Um recente Fórum Internacional Paulo Freire reuniu em 2014 em Turim um número grande de pessoas para quem Paulo Freire e seu legado constituem, ainda, mais uma presença para pensar e agir hoje e agora do que uma mera memória que, de tempos em tempos, alguém relembra e festeja com pedagógica saudade.

Uma das experiências mais felizes que tenho vivido nos últimos “encontros “freireanos” (o próprio nome não é dos melhores) é a presença de jovens e adultos jovens mais numerosa do que a das “velhas testemunhas da História”, como eu mesmo. Entre alguns anos e outros, quando nos encontramos, nós, “os dos anos sessenta... quando tudo começou”, lembramos os que partiram e recordamos os que já se sentem velhos e cansados o bastante para não se aventurarem mais a jornadas como a de Turim. Somos cada vez menos os que vivemos a ventura de partilhar com Paulo Freire não somente os seus escritos e suas ideias, mas um trecho de sua vida.

Nos anos que foram de 2011 a 2014 estivemos comemorando e recordando cinquentenários marcantes, sobretudo para os que viveram de forma direta ou indireta aquilo que juntos relembramos. Em 2011, festejamos os cinquenta anos da instauração da educação popular no Brasil e, depois, em toda a América Latina, a partir dos trabalhos da primeira equipe de Paulo Freire no Nordeste, a partir da criação de movimentos de cultura popular e de centros populares de cultura no Brasil.

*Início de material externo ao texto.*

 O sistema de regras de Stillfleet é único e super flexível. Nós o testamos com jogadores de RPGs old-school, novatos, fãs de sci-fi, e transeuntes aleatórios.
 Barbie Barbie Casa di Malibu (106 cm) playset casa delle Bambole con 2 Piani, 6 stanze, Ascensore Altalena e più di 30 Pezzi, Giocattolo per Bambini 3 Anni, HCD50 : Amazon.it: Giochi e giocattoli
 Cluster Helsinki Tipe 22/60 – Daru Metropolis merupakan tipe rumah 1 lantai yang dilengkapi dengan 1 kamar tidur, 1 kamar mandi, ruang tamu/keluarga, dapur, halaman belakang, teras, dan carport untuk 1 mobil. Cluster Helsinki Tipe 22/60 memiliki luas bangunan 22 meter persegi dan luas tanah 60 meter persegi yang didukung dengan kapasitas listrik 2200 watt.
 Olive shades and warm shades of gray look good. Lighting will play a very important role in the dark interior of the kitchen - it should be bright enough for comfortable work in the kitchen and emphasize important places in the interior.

Em 2012, lembramos a realização no Recife do Primeiro Encontro Nacional de Movimentos de Cultura Popular. Pela primeira vez, nós nos reunimos para pensar juntos quem éramos e o que imaginávamos poder fazer. Por uma primeira vez e de uma forma tão afoitamente interativa, a educação abria-se à política, à pedagogia, à poesia, à ciência, ao teatro (lembrar o Teatro do Oprimido de Augusto Boal), à militância e à revolução.

Em 2013, vários de nós retornamos ao Nordeste para celebrar em Angicos, no Rio Grande do Norte, as primeiras experiências de alfabetização popular (e não apenas para o povo) com o novo Método Paulo Freire de Alfabetização. Mas em 2014 “desfestejamos” os cinquenta anos do golpe militar no Brasil. Poucos meses antes do golpe militar, Paulo Freire e a sua equipe haviam sido chamados a Brasília para impulsionarem uma ampla e radical campanha de alfabetização. Ela nunca foi sequer iniciada. Paulo Freire e tantos outros estiveram presos e foram exilados.

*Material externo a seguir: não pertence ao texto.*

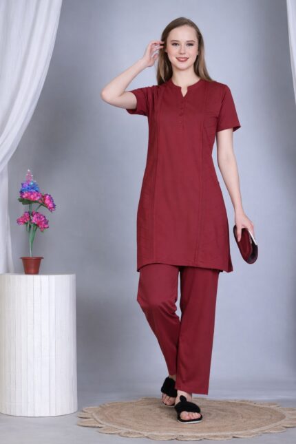 Crafted from soft, breathable fabric, the outfit ensures all-day ease while maintaining a clean, structured look. The rich maroon tone adds a premium and stylish appeal, making it a must-have in your daily wear collection.

Quando nós, as pessoas que se reconhecem praticantes, militantes e participantes de algo que ao longo desses anos todos nos tem reunido ao redor da educação popular, colocamo-nos frente ao mundo em que praticamos essa modalidade humanista, crítica, criativa e transformadora da/através da educação, o que temos diante de nós é uma estranha e desafiadora realidade. Ela nos aparece como algo que, ao mesmo tempo em que dá continuidade aos trabalhos culturais-pedagógicos dos anos em que “tudo começou”, hoje nos escancara uma face múltipla, ou mesmo faces plurais. Rostos e nomes de “educações” em boa parte diversas e, em alguns casos, quase divergentes daquilo que por muito tempo nos acostumamos a chamar de educação popular.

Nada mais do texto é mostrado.